Persona Partial Knee Clinical Outcomes Study

• ClinicalTrials.gov Identifier: NCT03034811
• Recruitment Status: Active, not recruiting
• First Posted: January 27, 2017
• Last Update Posted: August 21, 2020
• Sponsor: Zimmer Biomet
• Information provided by (Responsible Party): Zimmer Biomet

Study Description

Brief Summary:

The primary objective of this study is to obtain implant survivorship and clinical outcomes data for the commercially available Persona Partial Knee System.
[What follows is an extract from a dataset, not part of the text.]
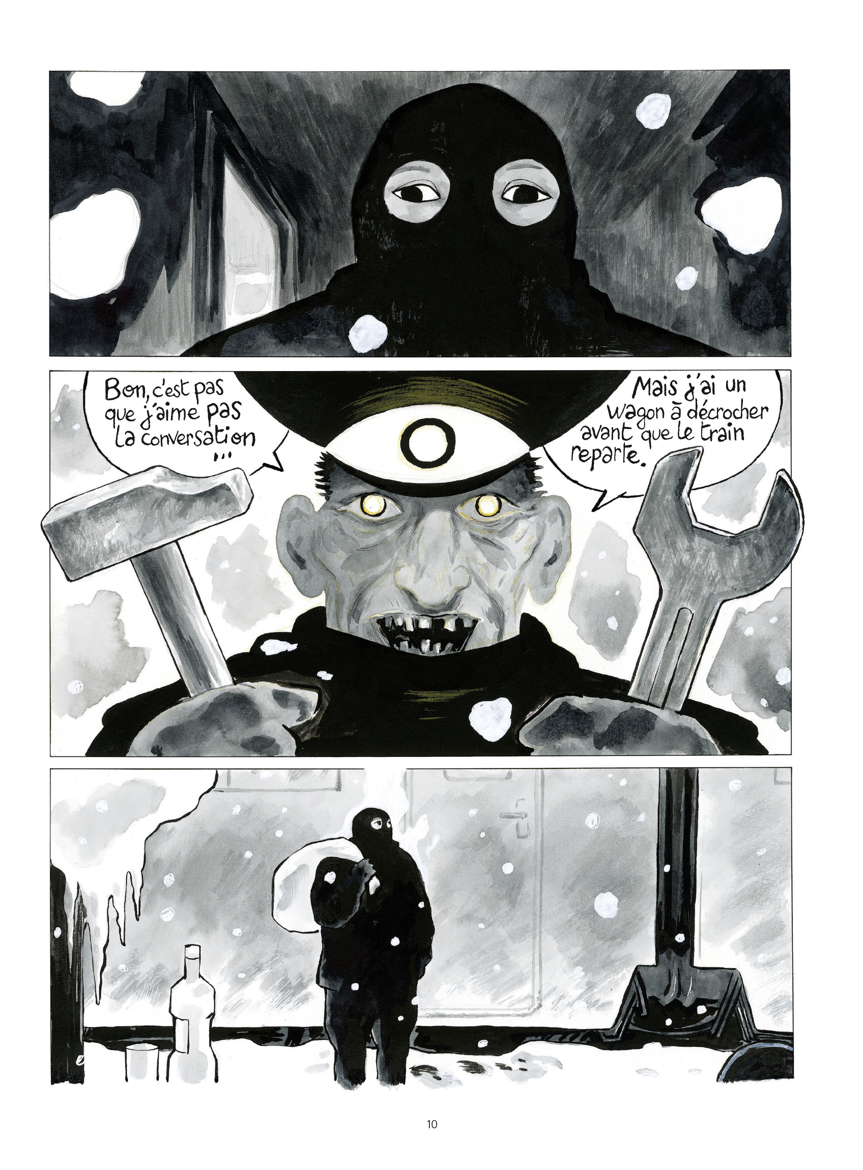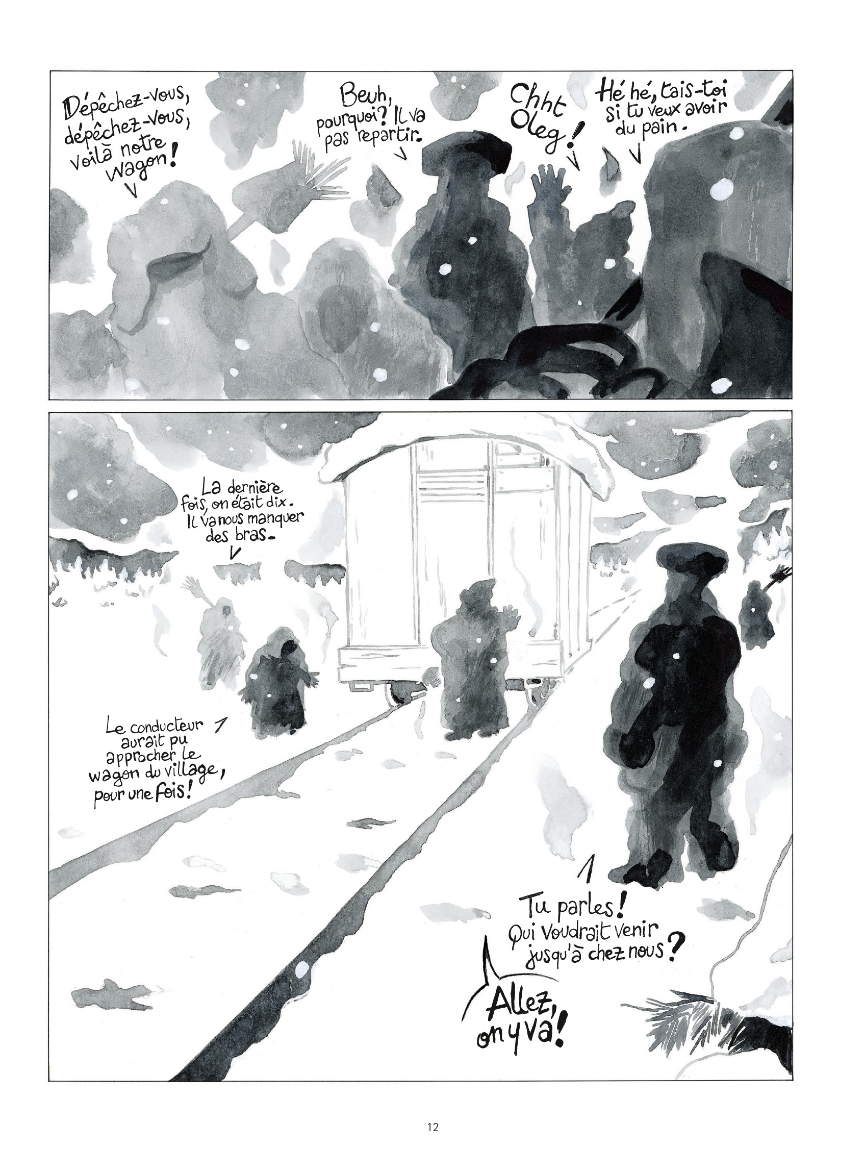Résumé de l’album: Dans une ambiance étouffée par la neige, les habitants d’un petit village au fin fond de la campagne russe se pressent autour d’un wagon de chemin de fer, apportant victuailles. Mais pas que cela. En descend également Dima, un jeune soldat ayant combattu en Tchétchénie, déclaré décédé par l’armée. Son retour bouleverse la vie de sa famille, sa grand-mère, son frère, les villageois… Dima est hanté par les horreurs qu’il a connu durant la guerre. Il n’est plus le même, peut-être déjà mort dans sa tête, en sursis pour les autres. Seules sa grand-mère et Sveta, une jeune fille amoureuse, lui rêvent un avenir radieux. Au loin, les montagnes dorées annoncent le printemps, le renouveau. Pour combien de temps ?

Condition or disease	Intervention/treatment	Phase
Osteoarthritis; Avascular Necrosis; Traumatic Arthritis; Conditional Tibial Condyle or Plateau Fractures; Conditional Revision of the Articular Surface	Device: Persona Partial Knee system	Not Applicable

Detailed Description:

The study design is a prospective, multicenter, noncontrolled study of the commercially available Persona Partial Knee. The study will require each site to obtain IRB approval prior to study enrollment. All potential study subjects will be required to participate in the Informed Consent Process.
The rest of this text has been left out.